Actor Robert De Niro is the latest celebrity to say there might be a link between vaccines and autism. But decades of study have shown no link at all, and scientists are becoming increasingly impatient with the refusal to accept their findings.
“If you are scientists, let’s see, let’s hear,” De Niro told TODAY. De Niro says his 18-year-old son has autism and while the actor did not directly say he fears vaccination caused his son’s condition, he said he wonders about it.

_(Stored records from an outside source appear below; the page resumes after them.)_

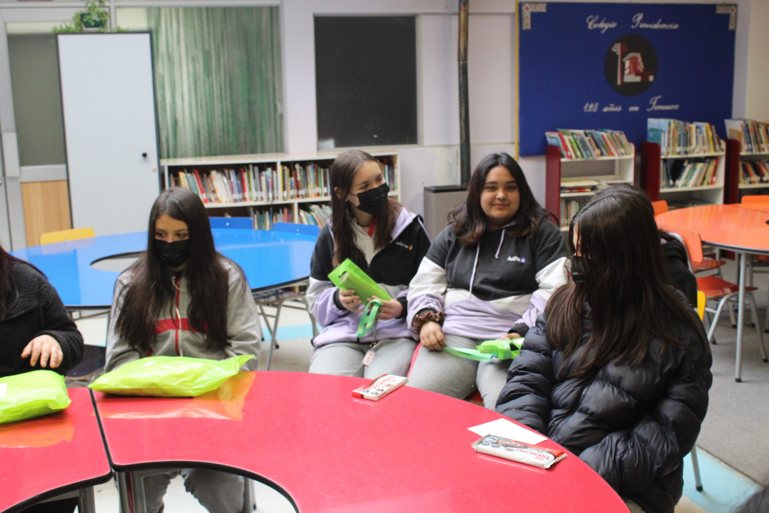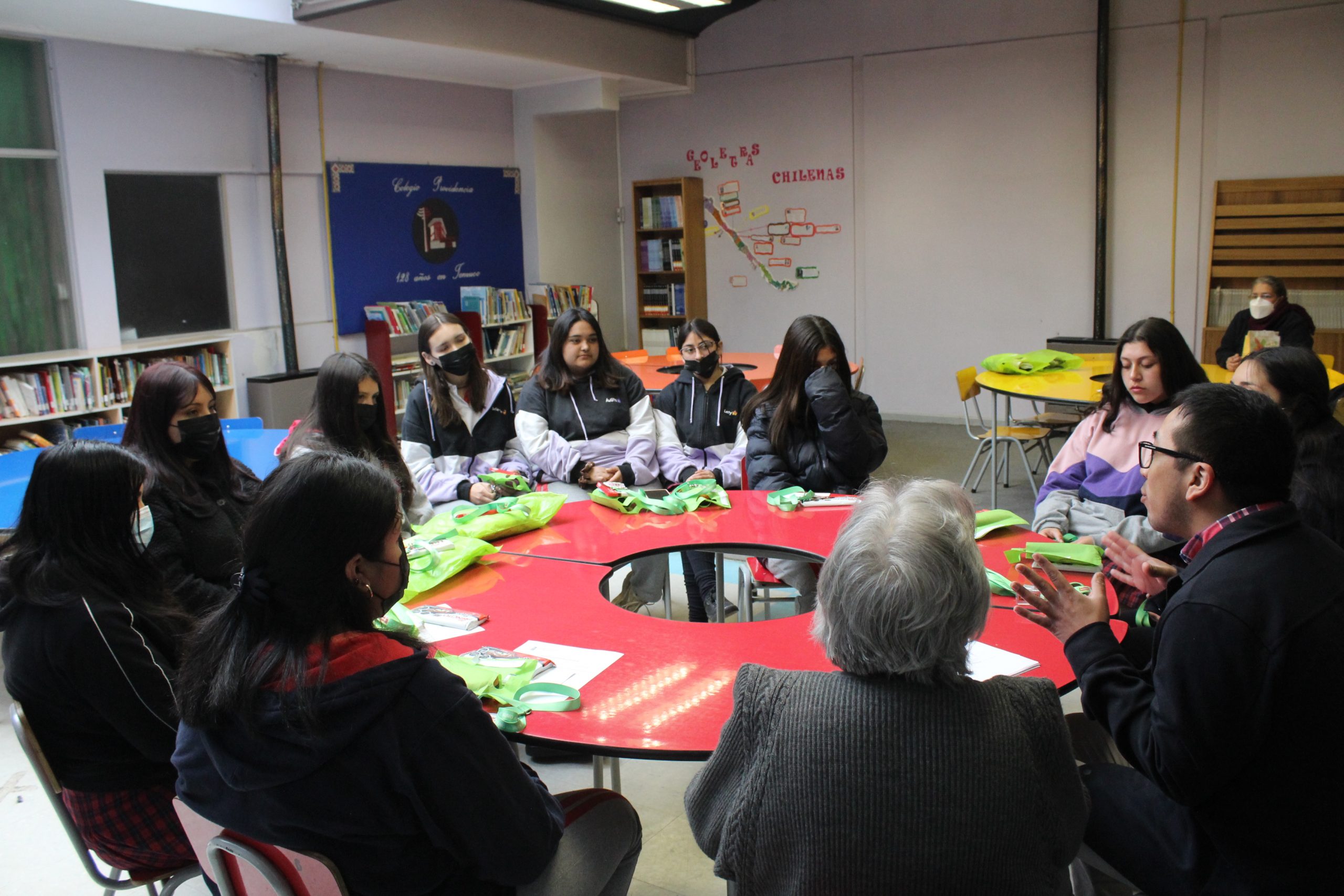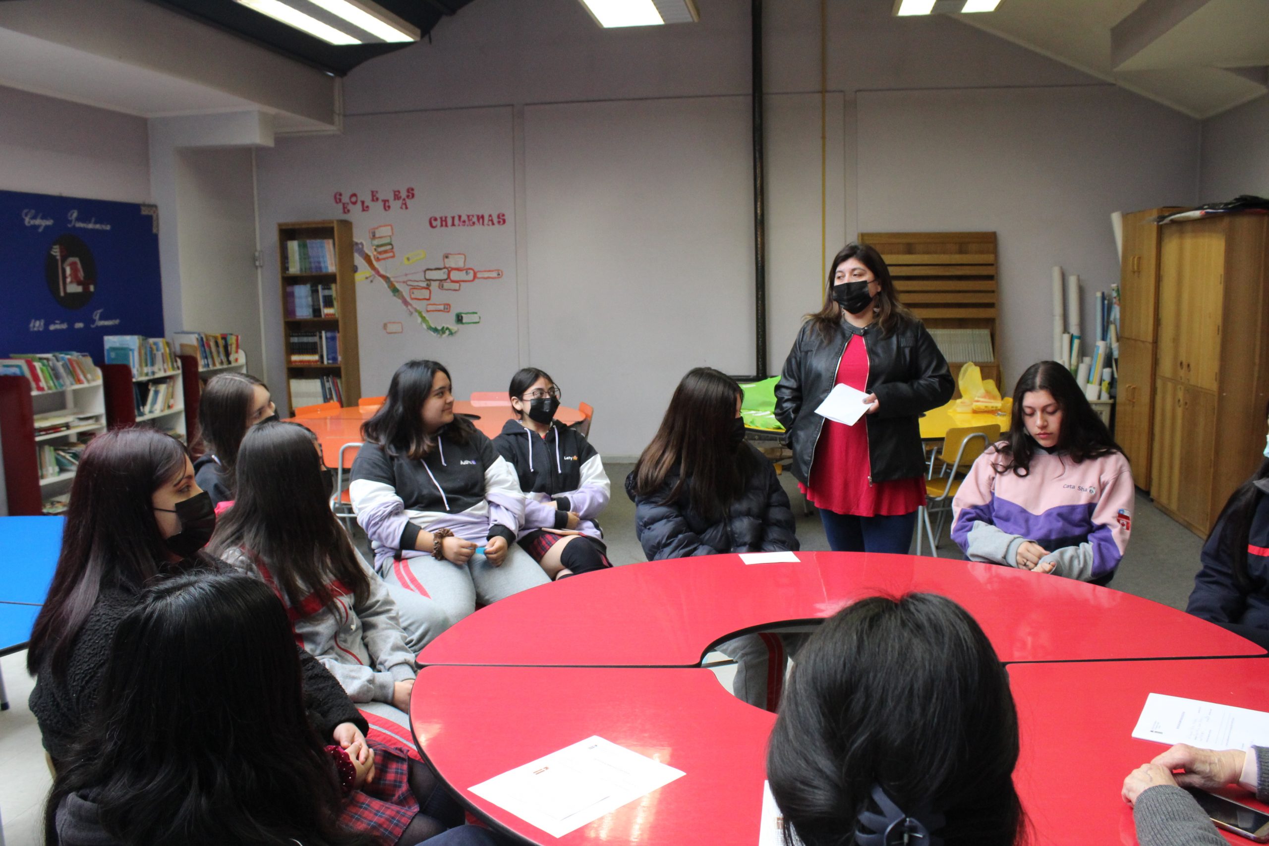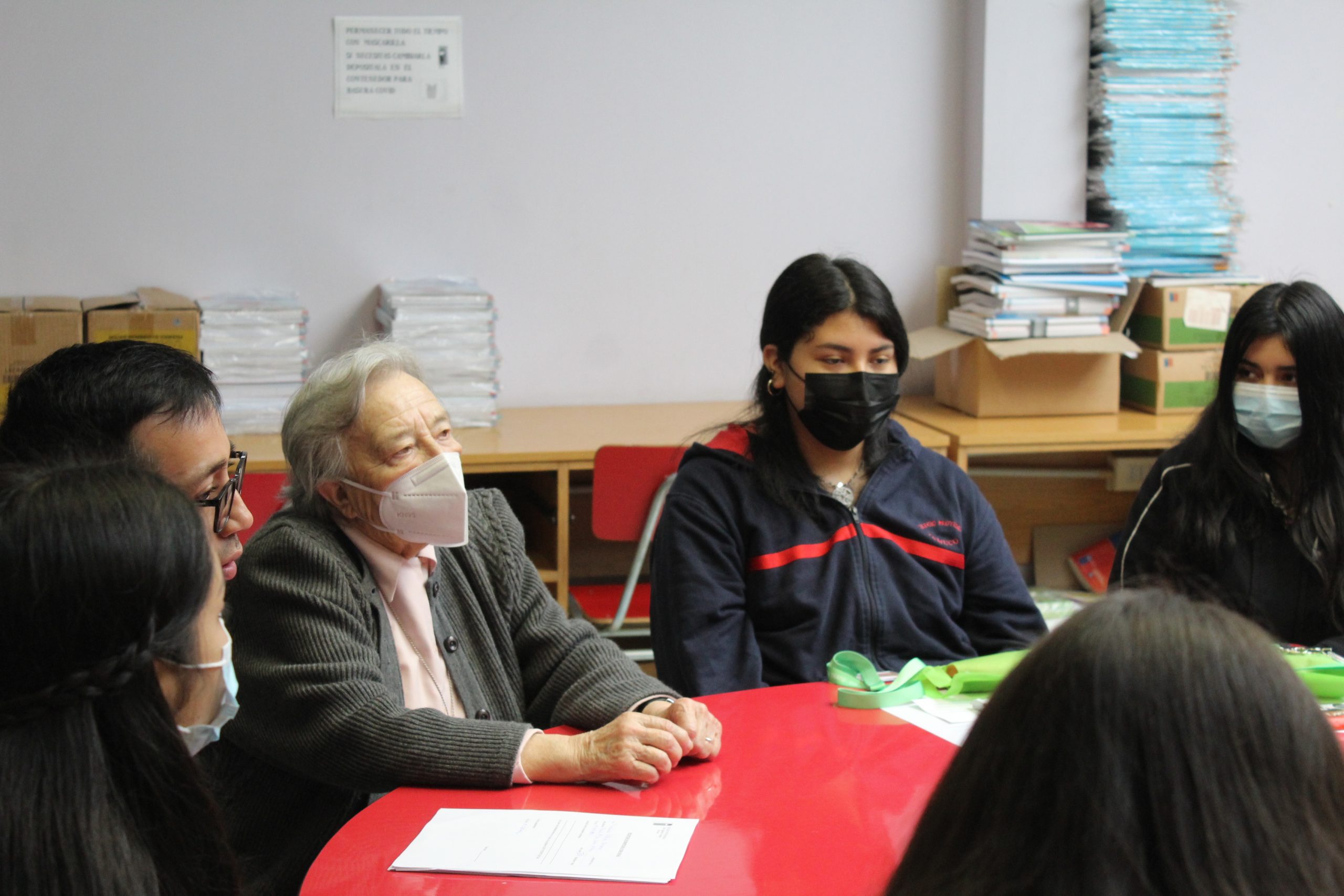 En la actividad de entrega de Beneficio se realiza un conversatorio con las alumnas en base a sus intereses y proyecciones educacionales, donde participa la Madre Liliana Contador, la asistente social Sra. Jessica Betzhold y el profesor encargado de SEP Carlos Solis.
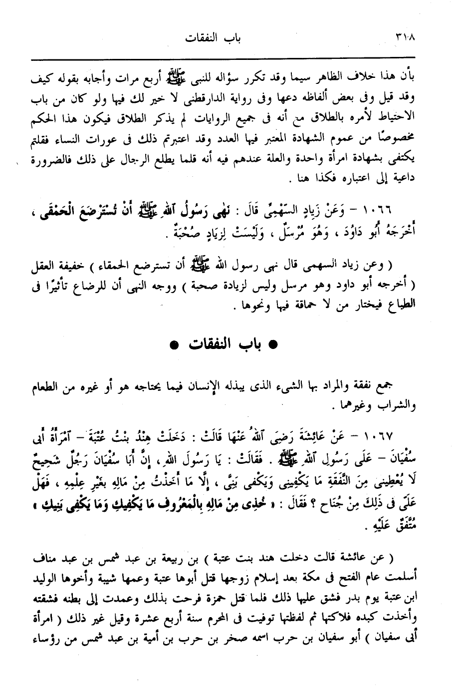(1067) - عَنْ عَائِشَةَ - رَضِيَ اللَّهُ عَنْهَا - قَالَتْ: «دَخَلَتْ هِنْدُ بِنْتُ عُتْبَةَ - امْرَأَةُ أَبِي سُفْيَانَ - عَلَى رَسُولِ اللَّهِ - صَلَّى اللَّهُ عَلَيْهِ وَسَلَّمَ -، فَقَالَتْ: يَا رَسُولَ اللَّهِ، إنَّ أَبَا سُفْيَانَ رَجُلٌ شَحِيحٌ لَا يُعْطِينِي مِنْ النَّفَقَةِ مَا يَكْفِينِي وَيَكْفِي بَنِيَّ، إلَّا مَا أَخَذْت مِنْ مَالِهِ بِغَيْرِ عِلْمِهِ، فَهَلْ عَلَيَّ فِي ذَلِكَ مِنْ جُنَاحٍ؟ فَقَالَ: خُذِي مِنْ مَالِهِ بِالْمَعْرُوفِ مَا يَكْفِيك وَمَا يَكْفِي بَنِيك» مُتَّفَقٌ عَلَيْهِ.
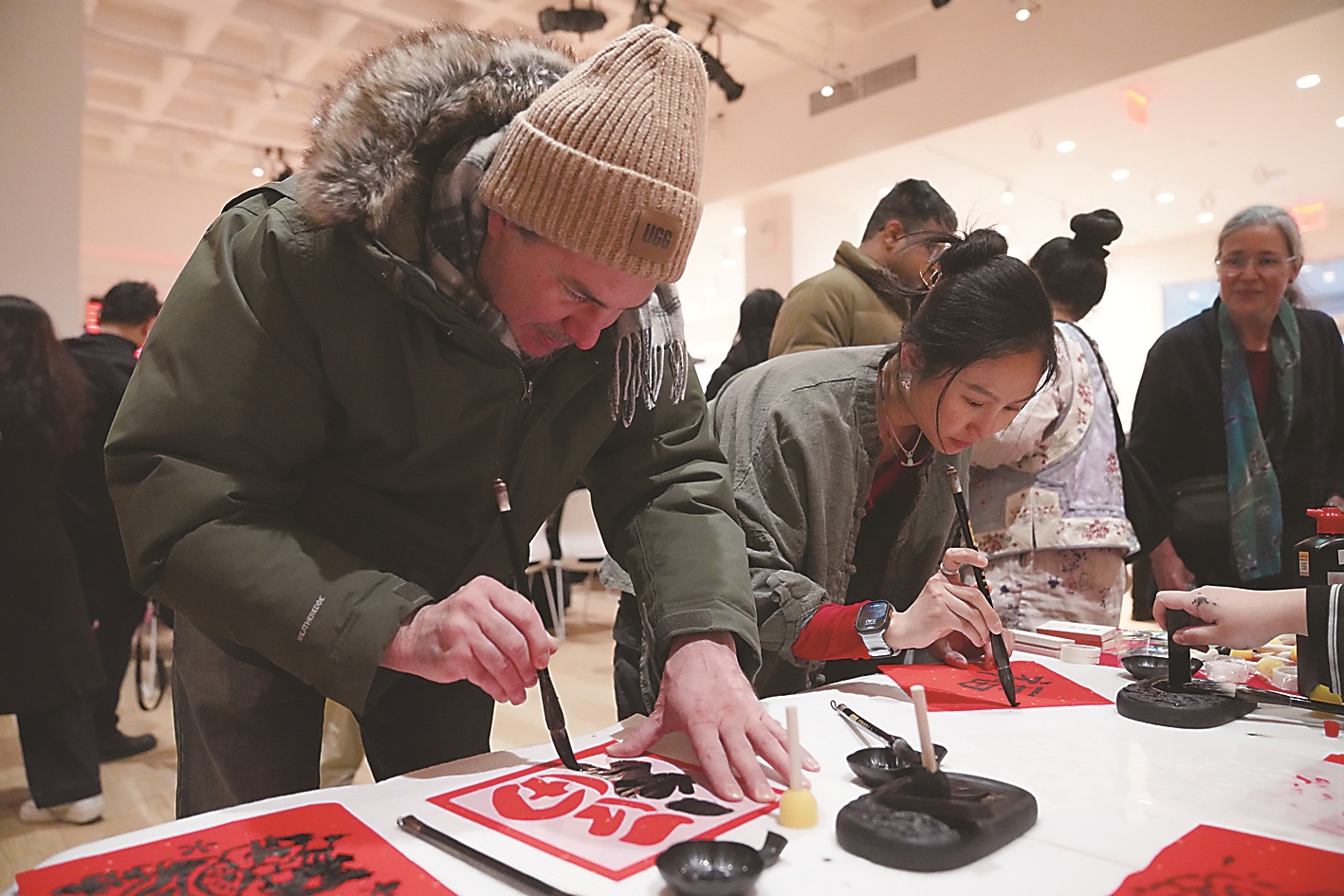 2月8日,“中国味道”春节文化活动在美国纽约启幕,400余名中外嘉宾齐聚一堂,品尝中国美食,欣赏非遗技艺,迎接农历新年。图为活动现场人们在体验中国书法。 新华社记者 张凤国 摄
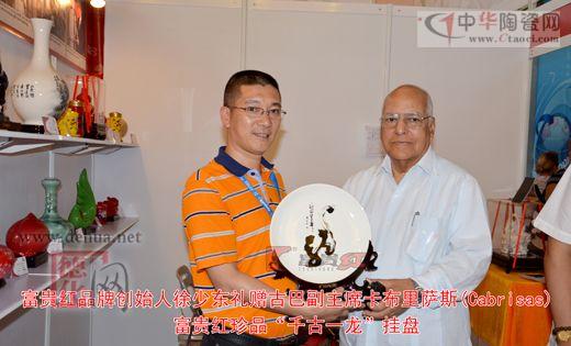 專訪結(jié)束后,中國(guó)駐古巴領(lǐng)事館張拓大使先后帶引古巴部長(zhǎng)會(huì)議副主席卡布里薩斯和外貿(mào)外資部部長(zhǎng)羅德里參觀了富貴紅展館,富貴紅品牌創(chuàng)始人徐少東分別向他們贈(zèng)送了富貴紅文化禮品《龍盤(pán)》和《龍瓶》。
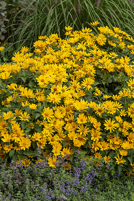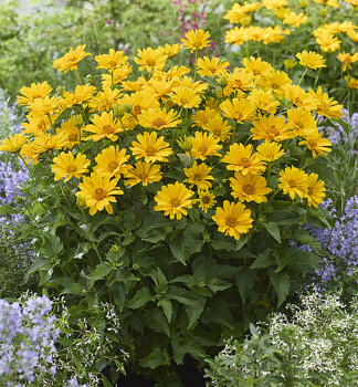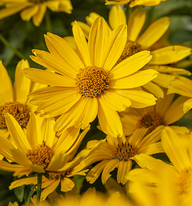 Vždyzelený pôdopokryvný ker s množstvom žiarivo žltých kvetov.
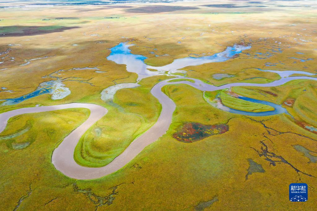 9月17日拍攝的阿萬倉濕地風(fēng)光(無人機(jī)照片)。新華社記者 郎兵兵 攝
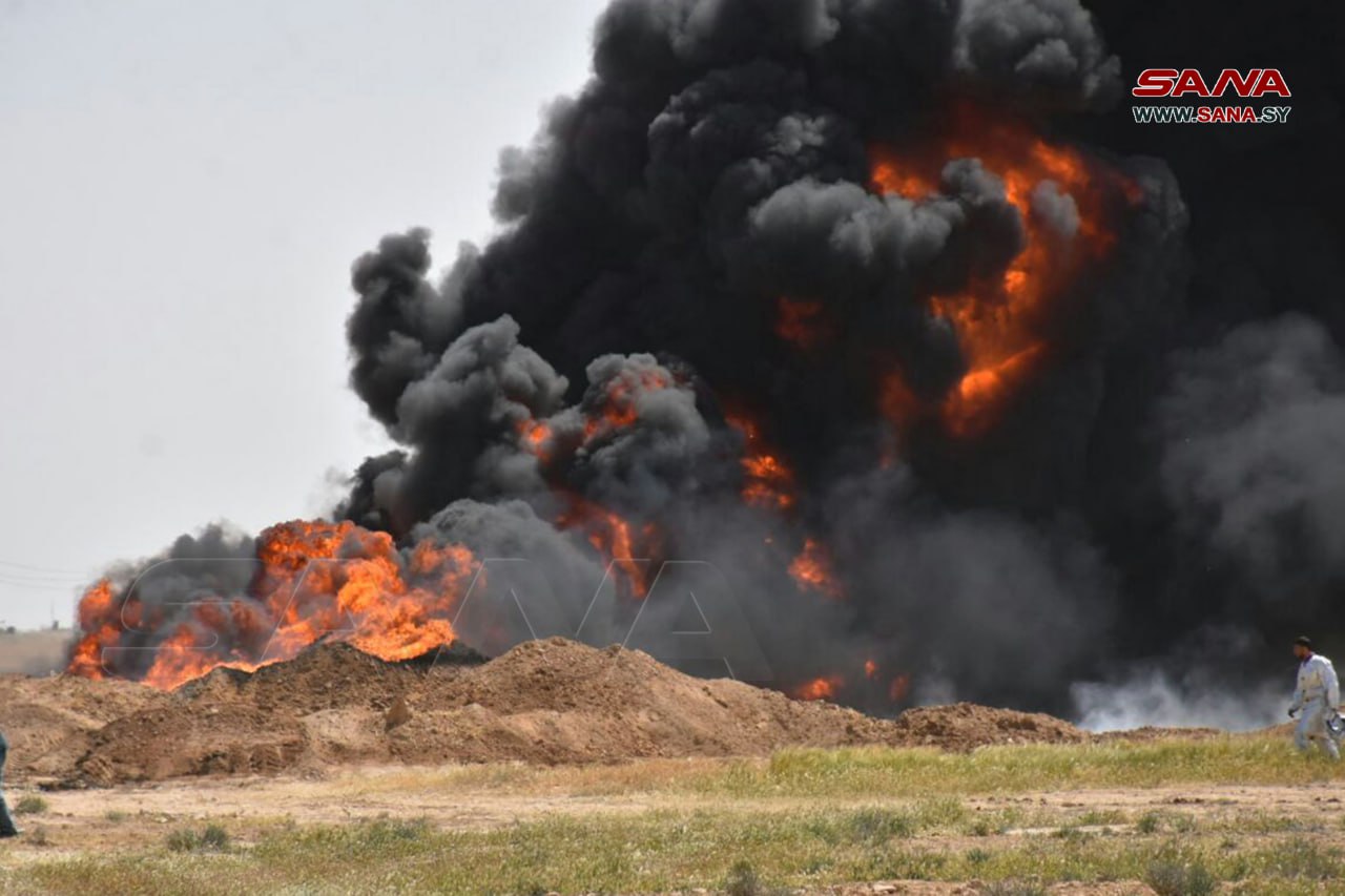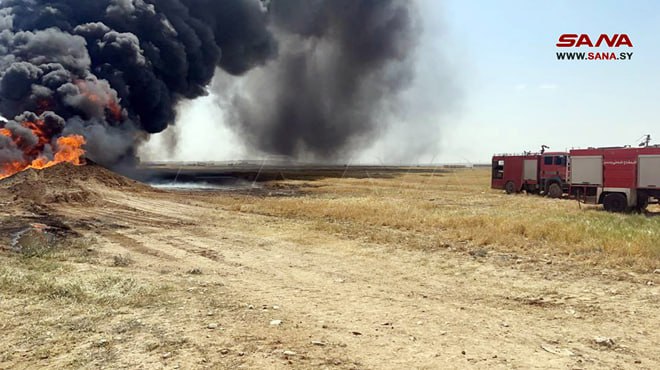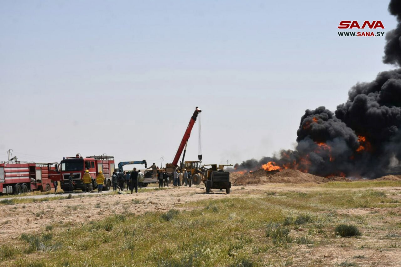 Homs, 21 abr (SANA) Los equipos de bomberos en la provincia central siria de Homs, en colaboración con la Dirección de Defensa Civil, continúan sus labores de extinción del incendio que se produjo en un oleoducto al este de la zona desértica de Al Furqalus.

But scientists have debunked, often multiple times, every assertion that De Niro makes. They’ve been made and knocked down many times in the past 20 years as a small but highly vocal group of vaccine critics raise them.
Here are the answers to the points De Niro raised.
“I am not anti-vaccine. I want safe vaccines.”
Vaccines are among the safest medical interventions known, doctors say. These experts include government doctors from the Centers for Disease Control and Prevention, the Food and Drug Administration and the National Institutes of Health. They include independent academic scientists from universities, the American Academy of Pediatrics and medical centers that are not affiliated with either the federal government or the pharmaceutical companies.
While no drug or treatment is 100 percent safe, they say vaccines are far, far safer than the diseases they prevent.
The World Health Organization estimates that measles vaccines save 1 million lives a year. In contrast, just 57 claims of deaths due to measles vaccines have been filed through the U.S. Vaccine Injury Compensation Program, a no-fault system set up to compensate people injured by vaccines. The program doesn't say how many of those claims were actually allowed.
A special federal court, the U.S. Court of Federal Claims, ruled against three families in 2009 who claimed vaccines caused their children's autism, saying they had been "misled by physicians who are guilty … of gross medical misjudgment."
De Niro asked for more research into the possible harms of vaccines.
“To shut it down, there’s no reason to. If you are scientists, let’s see, let’s hear.”
Scores of studies have been done to address these questions, even over the objections of doctors who say the questions have been asked and answered. Most examined is the question of whether vaccines might cause autism.
The independent Institute of Medicine looked at the question so many times that it issued a final report in 2001 saying these studies were using money that could be better spent elsewhere to find the causes of autism, and then another in 2005 saying there really, really is no link between vaccines and autism but said doctors and public health experts were doing a poor job of explaining this to people.
Related: Don't Call Vaccine Doubters Dumb
These include studies looking at a mercury-based preservative called thimerosal, which keeps dangerous bacteria and fungi from growing in vials of vaccines.
“There is a link and they say there isn’t. The obvious one is thimerosal which is a mercury based preservative. I am not a scientist. But I know. Let’s just find out the truth,” De Niro said.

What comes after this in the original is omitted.